Basaliomas (also known as Basal cell carcinomas or basal cell epiteliomas) are local malignant tumours of the skin, almost never metastasized, composed of cells similar to those of the basal layer of the epidermis (from which it gets its name). This tumour can be easily treated in different ways: surgical removal, electrodesiccation, laser photodynamic therapy or cryotherapy. It is important that the treatment takes place before the lesion bursts.



Dear Sir, I’m a young 27 year-old who has been diagnosed with a superficial basalioma. Having read that it’s a type of tumour that normally presents itself in adulthood and old age, I would like to know if this fact is symptomatic of danger and how will I have to be after it’s surgical removal?

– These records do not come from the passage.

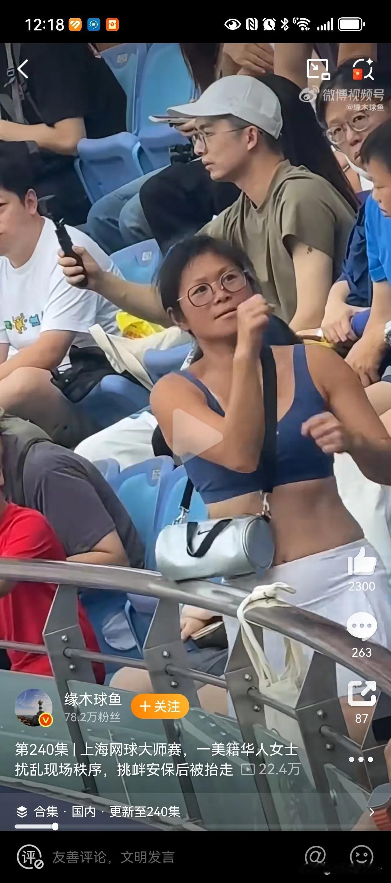 在上海网球大师赛上,一位持外籍护照的华裔女子彻底抢了比赛的风头——不是靠球技,而是靠即兴表演。 她上蹿下跳、花样撒泼,活像球场上的“行为艺术家”,结果保安看不下去了,直接给她来了个“VIP强制离场服务”。 观众瞬间沸腾,掌声雷动,不知道的还以为冠军诞生了! 现在这出闹剧全网疯传,网友调侃:赛场上是网球对决,看台上是“人类迷惑行为大赏”,这波操作,连裁判都该掏红牌!上海网球公开赛 上海网球赛 上海网球活动
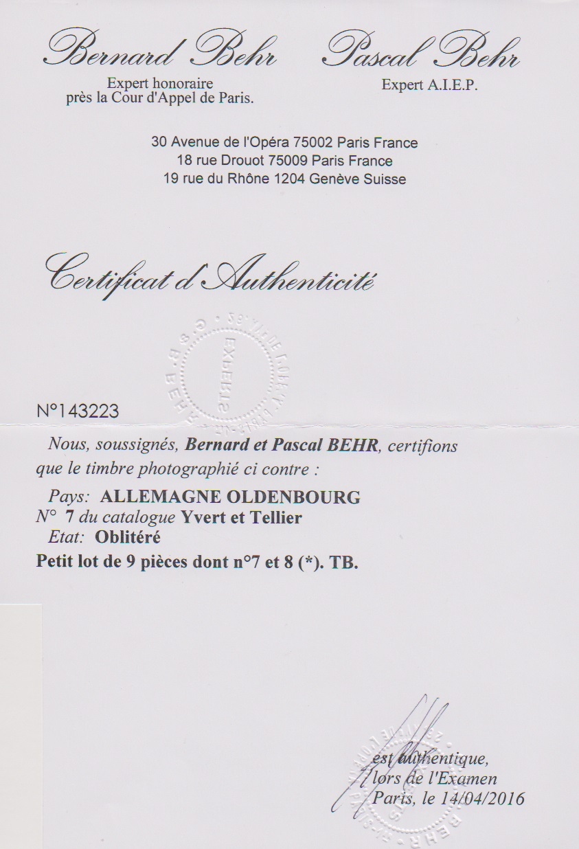 1/3 Sgr. schw./grün, etwas rep. Exemplar auf Unterlage mit auf dieser Marke nicht häufigem K2 "Oldenburg" (Spätverwendung, Stempel erst 1860 eingeführt), Mi. 1200,- +
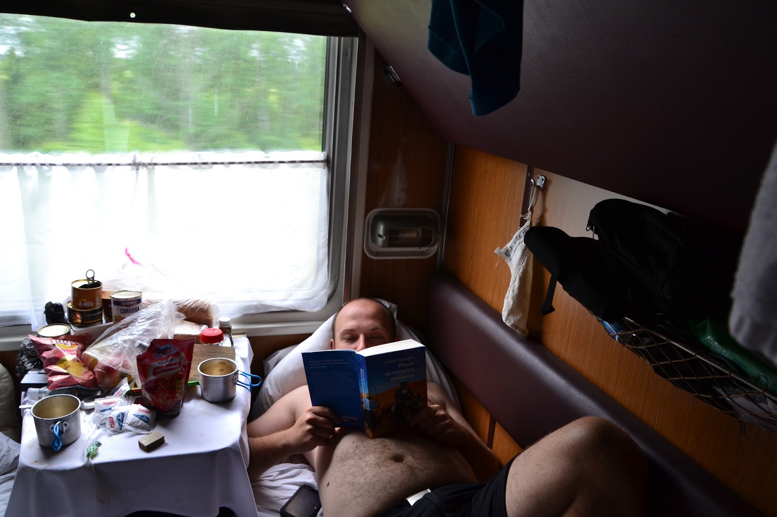 | W transsybirze zaczytuję się książką pt. „Pieszo do irańskich nomadów” Łukasza Supergana |
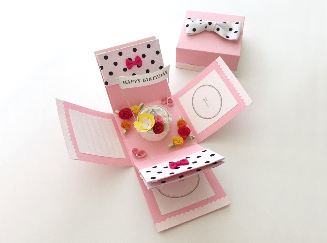 サプライズボックスは、海外では「Exploding Box」と呼ばれるびっくり箱。一見ふつうのギフトボックスのようですが、ふたを開けると箱の部分が展開し、プレゼントと一緒にメッセージや写真があふれ出すという仕掛けです。

Is it necessary to have a more in-depth examination? I thank you. A guy a bit scared.

Dear (…) a basalioma (also called basal cell carcinoma) is a tumour of the skin which grows locally. In general, surgical removal solves the problem and no examinations are necessary except for a histological examination of the piece removed. It has been shown that those who are diagnosed with their first basalioma have a high risk of being diagnosed with subsequent basaliomas in the ensuing 5 years and the diagnosis of a first basalioma in subjects young-of-age further highlights the possibility of others developing. It is useful, therefore, to have total skin check-ups periodically (annually) over the next 5 years. Don’t worry too much even so, despite it’s name, a basalioma is a tumour essentially benign and secondary locations are really rare. A basalioma is a tumour associated with exposure to the sun, particularly strong at infancy and is more common in blond or red-headed subjects with pale skin that reddens easily to sunlight. Therefore, it’s important to protect yourself from the sun. Best regards. Dr Luigi Naldi – GISED.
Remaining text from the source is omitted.